## Given material

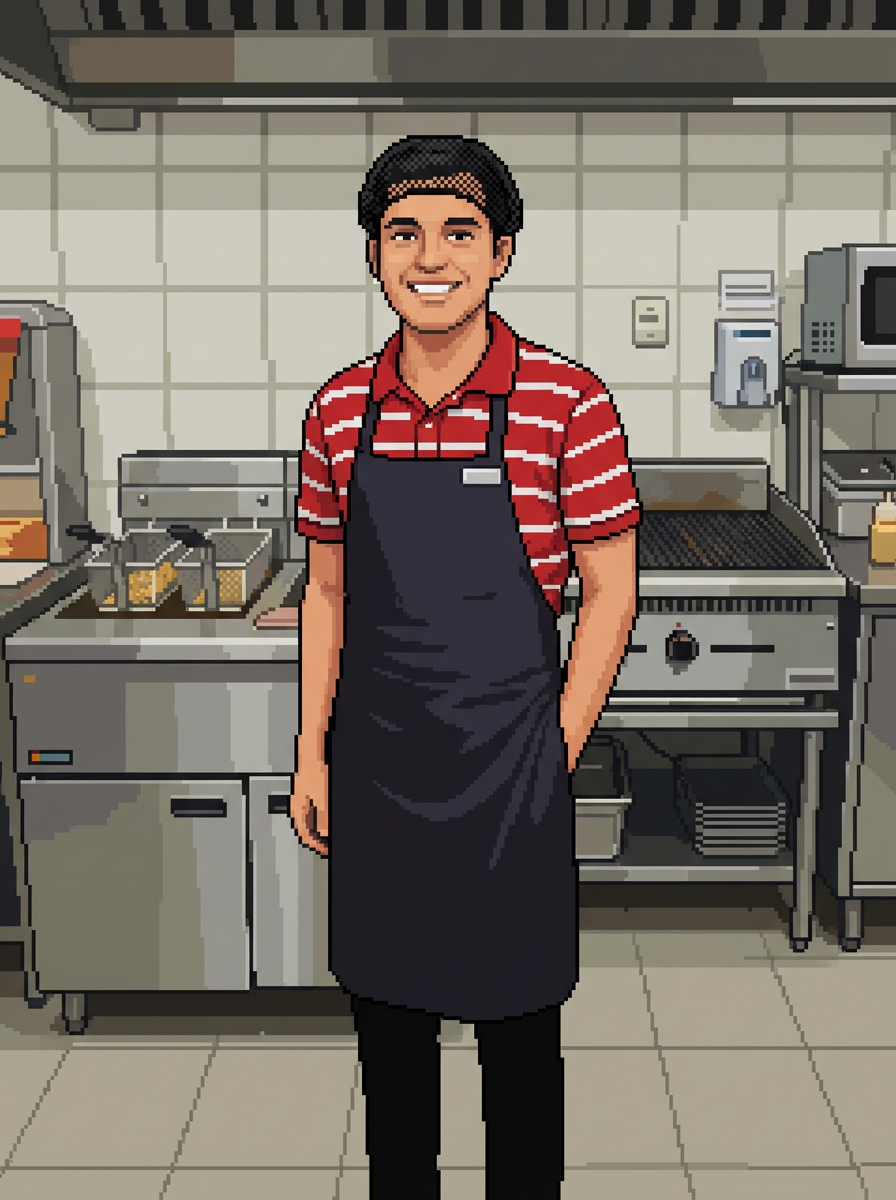 model as pixel art character in food service pixel style, in pixelated fast food kitchen, wearing uniform, hair net, pixel apron, restaurant kitchen pixel art, food service pixel aesthetic
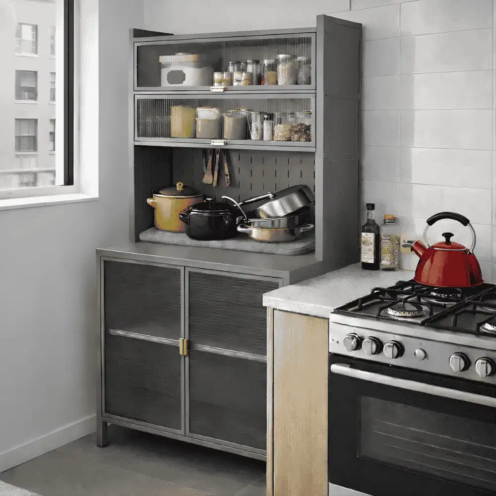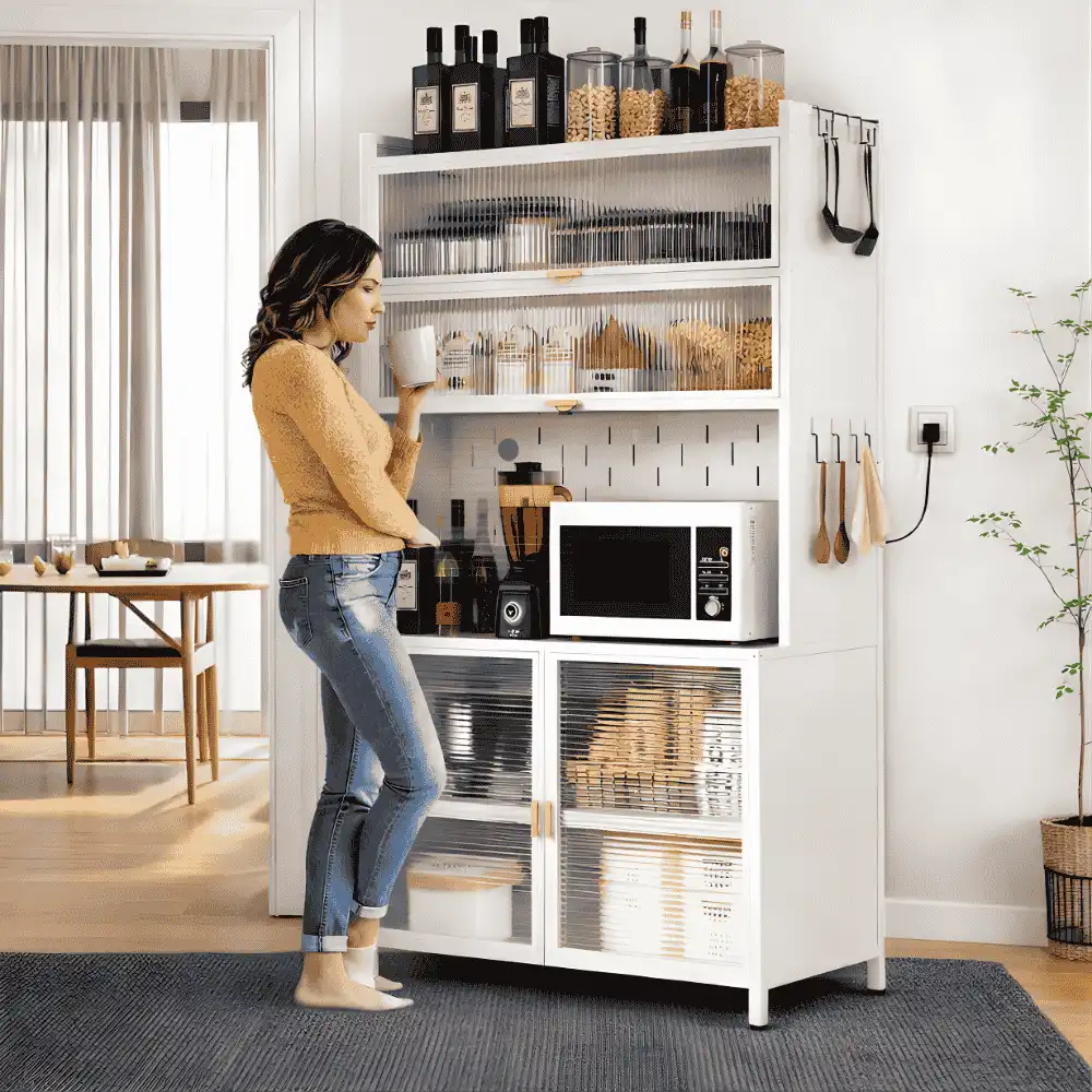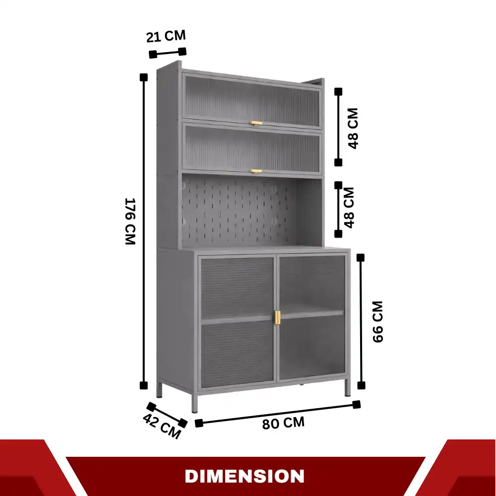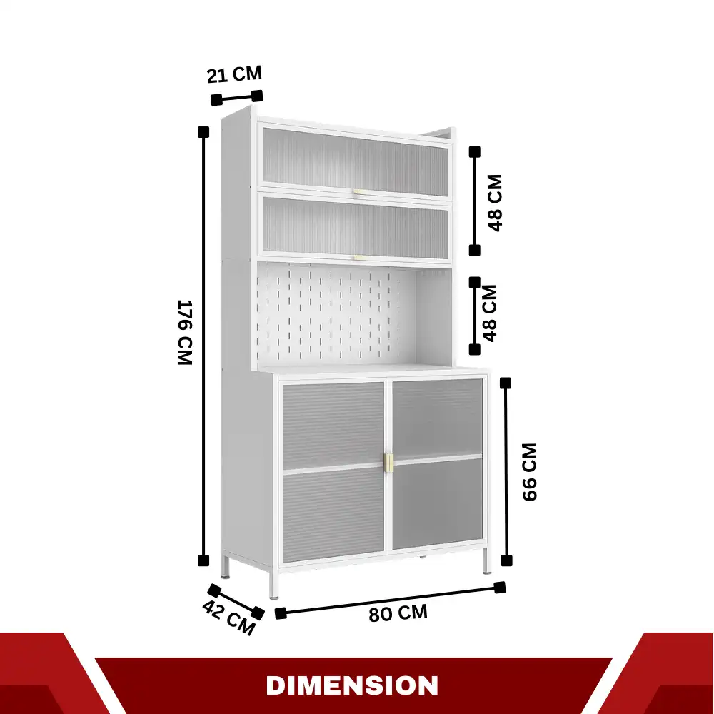 This steel kitchen storage cabinet with wheels is the ultimate solution for your kitchen storage needs. With its durable steel frame and tempered glass doors, it ensures long-lasting use. The cabinet features adjustable shelves and wider countertops, making it perfect for storing cookware, small appliances, and groceries. Its modern design blends seamlessly with any kitchen aesthetic. The 360° rotating wheels make it easy to move, while the dust-proof and insect-proof design ensures your items stay clean and protected. Whether you’re storing dishes, spices, or appliances, this is the perfect kitchen organizer.
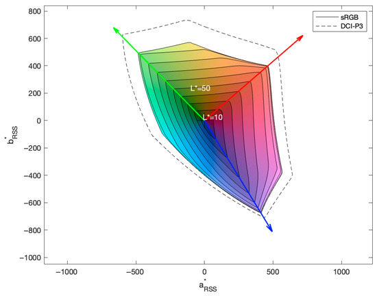 However, despite the existence of a standard value, there is still a deviation from this value due to the nature of the display. Obtaining XYZ values corresponding to all RGB values in order to fully characterize the display is impractical. Figure 7 shows the difference in lightness between the DCI-P3 and sRGB color gamut at L* = 50 and L* = 10. Characterizing colors becomes more complex when the lightness varies between color gamuts. In addition, Figure 8 shows the color shift in saturation when adjusting gamut range from sRGB to P3 to highlight the challenges in maintain color fidelity.
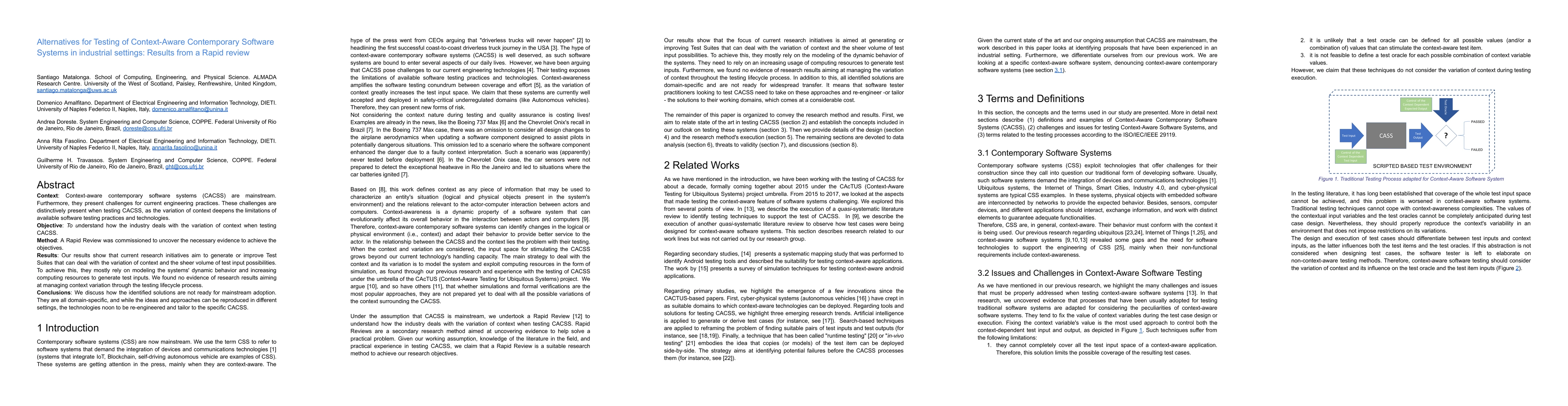 Context: Context-aware contemporary software systems (CACSS) are mainstream. Furthermore, they present challenges for current engineering practices. These challenges are distinctively present when testing CACSS, as the variation of context deepens the limitations of available software testing practices and technologies. Objective: To understand how the industry deals with the variation of context when testing CACSS. Method: A Rapid Review was commissioned to uncover the necessary evidence to achieve the objectives. Results: Our results show that current research initiatives aim to generate or improve Test Suites that can deal with the variation of context and the sheer volume of test input possibilities. To achieve this, they mostly rely on modelling the systems' dynamic behavior and increasing computing resources to generate test inputs. We found no evidence of research results aiming at managing context variation through the testing lifecycle process. Conclusions: We discuss how the identified solutions are not ready for mainstream adoption. They are all domain-specific, and while the ideas and approaches can be reproduced in different settings, the technologies noon to be re-engineered and tailor to the specific CACSS.

## Exercise instructions
Would you provide an exact, picture-free copy of the data above?

## Written reply
 model as pixel art character in food service pixel style, in pixelated fast food kitchen, wearing uniform, hair net, pixel apron, restaurant kitchen pixel art, food service pixel aesthetic
 This steel kitchen storage cabinet with wheels is the ultimate solution for your kitchen storage needs. With its durable steel frame and tempered glass doors, it ensures long-lasting use. The cabinet features adjustable shelves and wider countertops, making it perfect for storing cookware, small appliances, and groceries. Its modern design blends seamlessly with any kitchen aesthetic. The 360° rotating wheels make it easy to move, while the dust-proof and insect-proof design ensures your items stay clean and protected. Whether you’re storing dishes, spices, or appliances, this is the perfect kitchen organizer.
 However, despite the existence of a standard value, there is still a deviation from this value due to the nature of the display. Obtaining XYZ values corresponding to all RGB values in order to fully characterize the display is impractical. Figure 7 shows the difference in lightness between the DCI-P3 and sRGB color gamut at L* = 50 and L* = 10. Characterizing colors becomes more complex when the lightness varies between color gamuts. In addition, Figure 8 shows the color shift in saturation when adjusting gamut range from sRGB to P3 to highlight the challenges in maintain color fidelity.
 Context: Context-aware contemporary software systems (CACSS) are mainstream. Furthermore, they present challenges for current engineering practices. These challenges are distinctively present when testing CACSS, as the variation of context deepens the limitations of available software testing practices and technologies. Objective: To understand how the industry deals with the variation of context when testing CACSS. Method: A Rapid Review was commissioned to uncover the necessary evidence to achieve the objectives. Results: Our results show that current research initiatives aim to generate or improve Test Suites that can deal with the variation of context and the sheer volume of test input possibilities. To achieve this, they mostly rely on modelling the systems' dynamic behavior and increasing computing resources to generate test inputs. We found no evidence of research results aiming at managing context variation through the testing lifecycle process. Conclusions: We discuss how the identified solutions are not ready for mainstream adoption. They are all domain-specific, and while the ideas and approaches can be reproduced in different settings, the technologies noon to be re-engineered and tailor to the specific CACSS.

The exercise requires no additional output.